Tomato Stewed Romano Beans with Garlicky Breadcrumbs

 

Romano beans are my obsession this summer. I like green beans, but I don’t love them, so I was really excited to get my hands on their meatier, sturdier counterparts at the farmers market. When cooked, Romano beans become so tender and velvety, and I find myself craving them weekly. Stewing Romano beans in tomato sauce is a classic preparation, and I can see why. The stewing tenderizes the beans, while the tomato sauce imparts all of its beautiful, savory flavors. In this recipe, we use a special, garlic confit tomato sauce for the stewing (though you can definitely use other tomato sauce here as well!), and top the dish with garlicky breadcrumbs for some crunch and extra richness. This dish goes very well with farro (my personal favorite pairing), rice, bread, or it can be stirred into pasta.
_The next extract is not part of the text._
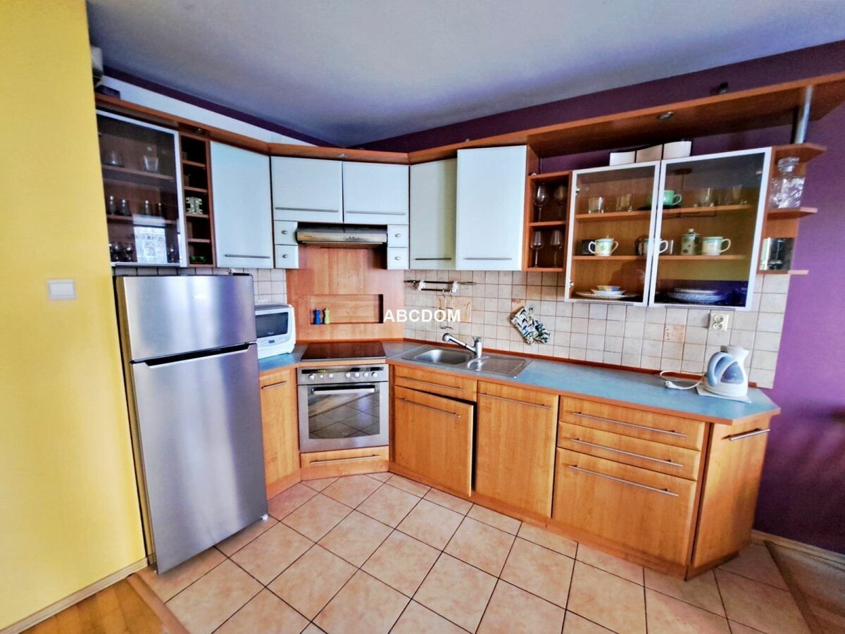 - aneks kuchenny: meble stojące i wiszące, płyta z piekarnikiem, lodówka, stół, 4 krzesła;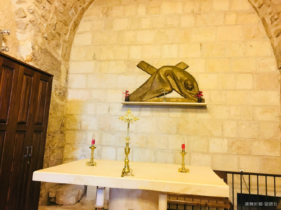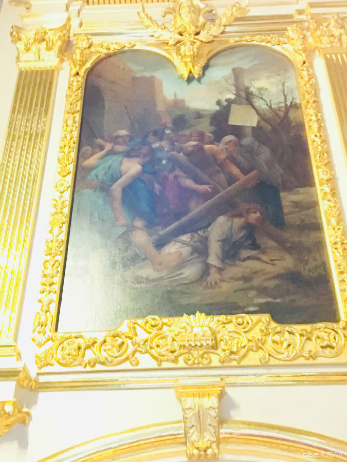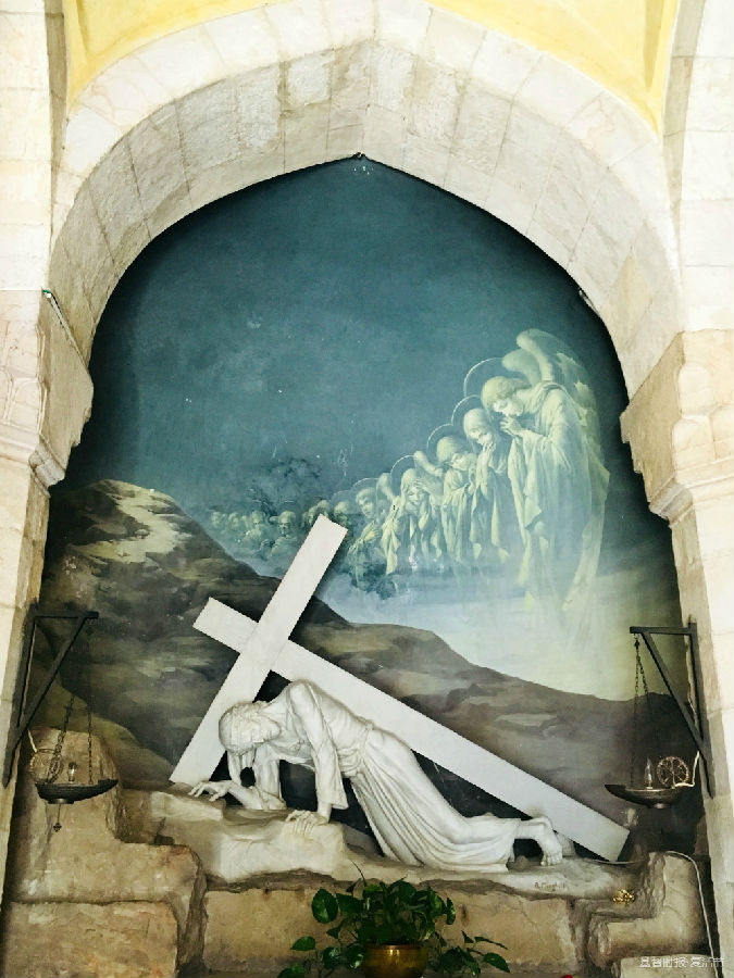 已经忍受了连续数个小时审问、羞辱、鞭打的的耶稣,背上比他整个人都大很多的重重的十字架,一路走得很缓慢。周围是无数看热闹的犹太人跟着围观,罗马兵丁毫无怜悯知心,继续用鞭子抽着耶稣催促他快点走,结果耶稣第一次摔倒在地上。如今这里之上已经建成一个天主教教堂,摆放着耶稣摔倒的雕像供人纪念。

P.S. If you can’t find Romano beans and still want to make this recipe, it can be made with green beans - see the recipe notes.

Tomato Stewed Romano Beans with Garlicky Breadcrumbs

serves 4-6

  • 2 1/2 cups tomato sauce with garlic confit (or any other tomato sauce of choice)
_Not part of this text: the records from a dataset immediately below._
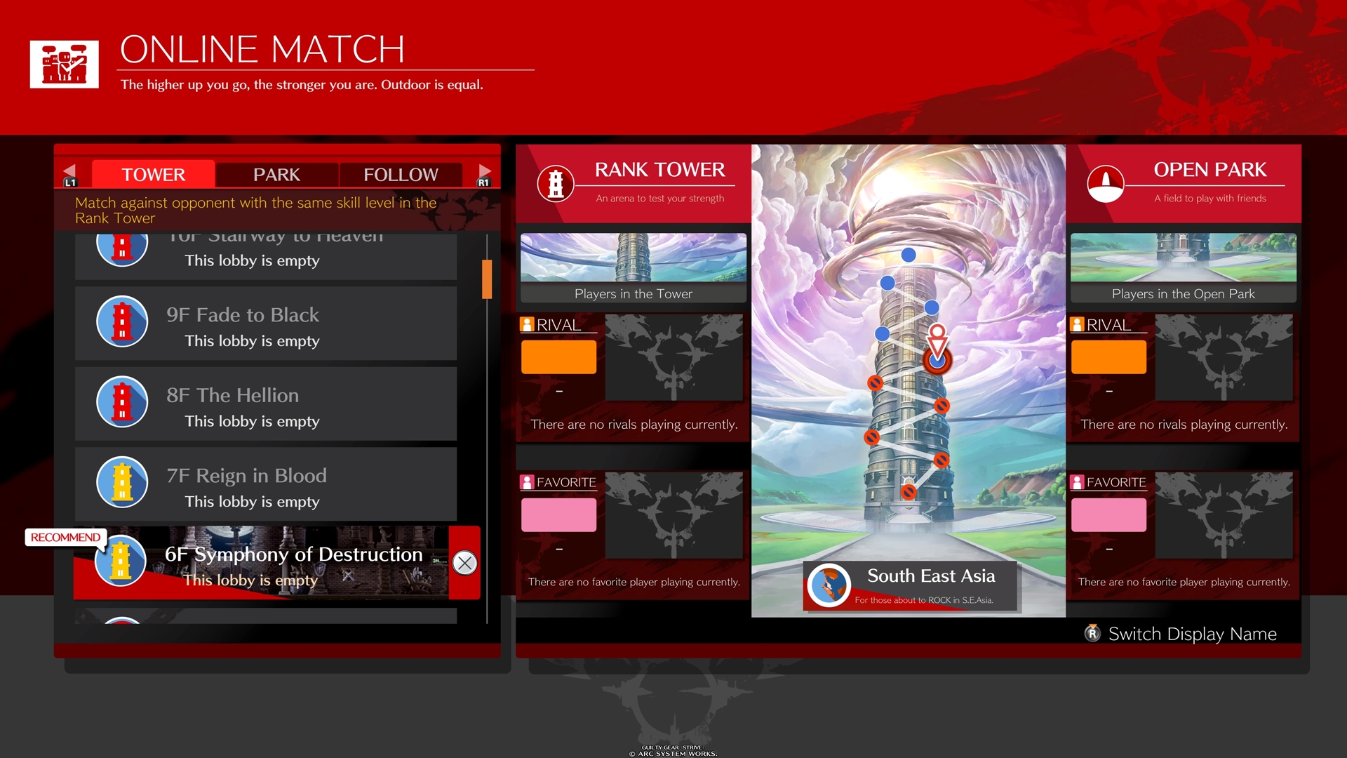สำหรับล็อบบี้ออนไลน์ของเกมนี้ก็ทำออกมาได้แปลกแหวกแนวใช่เล่น เพราะทุกอย่างจะเป็นแบบ pixel แม้แต่อวาตาร์ของผู้เล่นเองก็เป็น pixel ดังนั้นคุณจะแต่งออกมาแบบไหนยังไง มันก็จะออกมาดูตลกน่ารักมากกว่าจะเท่บาดใจครับ ซึ่งในทีแรกสุดเลย คุณจะได้ลองฝีมือกับคอมพิวเตอร์ก่อนเพื่อวัดระดับว่าฝีมือของคุณควรอยู่ในชั้นไหนของหอคอย เพื่อที่คุณจะได้เจอกับคู่ต่อสู้ระดับเดียวกัน แต่จะไม่สามารถลงไปสู้กับคนที่อยู่ในชั้นล่างกว่าได้นะ ซึ่งก็เป็นอะไรที่ค่อนข้างน่าเสียดายว่าตอนที่ผมลองเล่น พยายามจะออนไลน์หลายรอบแต่กลับไม่เจอใครอยู่ในล็อบบี้ด้วยกันเลย (ทั้งที่เลือกเซิฟเวอร์สิงคโปร์แล้วนี่แหละ)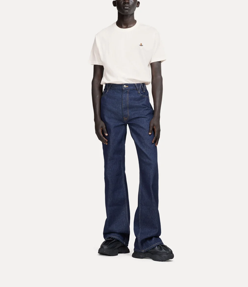 Our Classic t-shirt features a soft cotton silhouette, complete with short sleeves and a round neckline. The piece receives a multi-coloured orb embroidery on the left-hand side of the chest – synonymous with Vivienne’s vision of taking tradition into the future.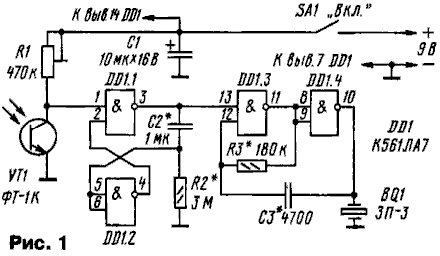 О лазерной указке и ее применении в различных конструкциях уже рассказывалось на страницах журнала "Радио". Продолжая эту тему, предлагаю описание фототира с использованием все той же лазерной указки. Этот электронный тир состоит из двух узлов - пистолета и мишени с фотодатчиком. Мишень устроена так, что при попадании в нее луча указки раздается звуковой сигнал. Мишень (рис. 1) содержит фотодатчик на фототранзисторе VT1, ждущий одновибратор на логических элементах DD1.1, DD1.2 и генератор ЗЧ на элементах DD1.3, DD1.4. В исходном состоянии фототранзистор освещен слабо, поэтому на его коллекторе высокий логический уровень. На выходе ждущего одновибратора (вывод 3 DD1.1) низкий логический уровень, генератор ЗЧ не работает.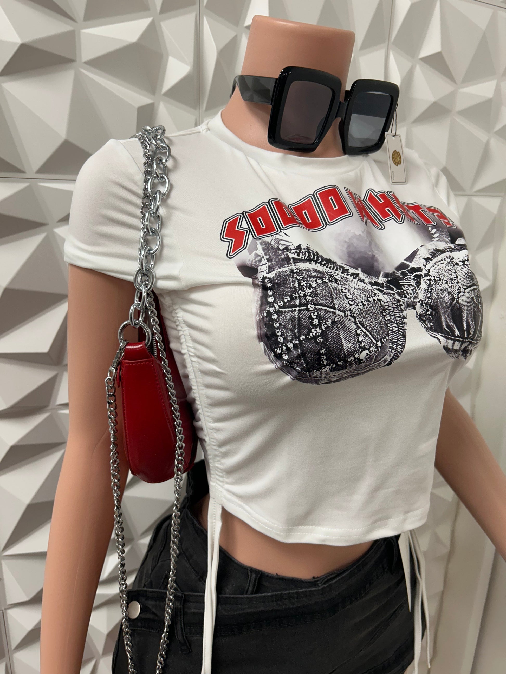Wholesale Cute trendy graphic tee with adjustable length with drawstrings on the sides....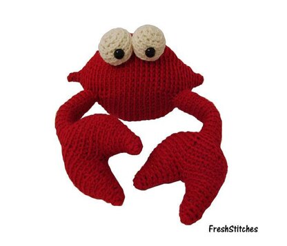 Meet Tip the crab... he's soft and loveable, and not the slightest bit pinchy! Tip's shell measures 7 inches tall when completed... with a 17 inch wide clawspan!

  • 1 lb/455 g Romano beans (see note), sliced in half, then in half again (into 4 pieces)

  • sea salt

  • olive oil

  • 1/2 cup breadcrumbs

  • 1 garlic clove, finely grated or minced

  • fresh basil, for garnishing

Add the tomato sauce to a large skillet and heat over medium heat, until gently simmering. Add the beans and a pinch of salt, stir to combine. Bring everything back to a simmer and cover the skillet with a lid (or flat baking sheet). Let the beans gently simmer for 20-30 minutes, stirring periodically, until tender to your liking.

Meanwhile, heat a medium skillet over medium heat. Add enough olive oil to lightly coat the bottom. Add the breadcrumbs, garlic, and a pinch of salt. Toast the breadcrumbs until golden, 3-4 minutes. Serve the tomato stewed Romano beans, sprinkled with the garlicky breadcrumbs and garnished with basil.

Note

If using green beans, halve them and stew for 10-15 minutes, until tender but not too mushy.

Intuitive Cooking Takeaways

The garlicky breadcrumbs can be used to add texture and oomph to so many dishes. Think gratins or bakes, pasta, soups or stews.

All kind of vegetables besides the Romano beans can be stewed in tomato sauce with great results. In the summer, I love tomato-stewing summer squash/zucchini with eggplant (pre-sauteed) and red onion, for a ratatouille-inspired meal.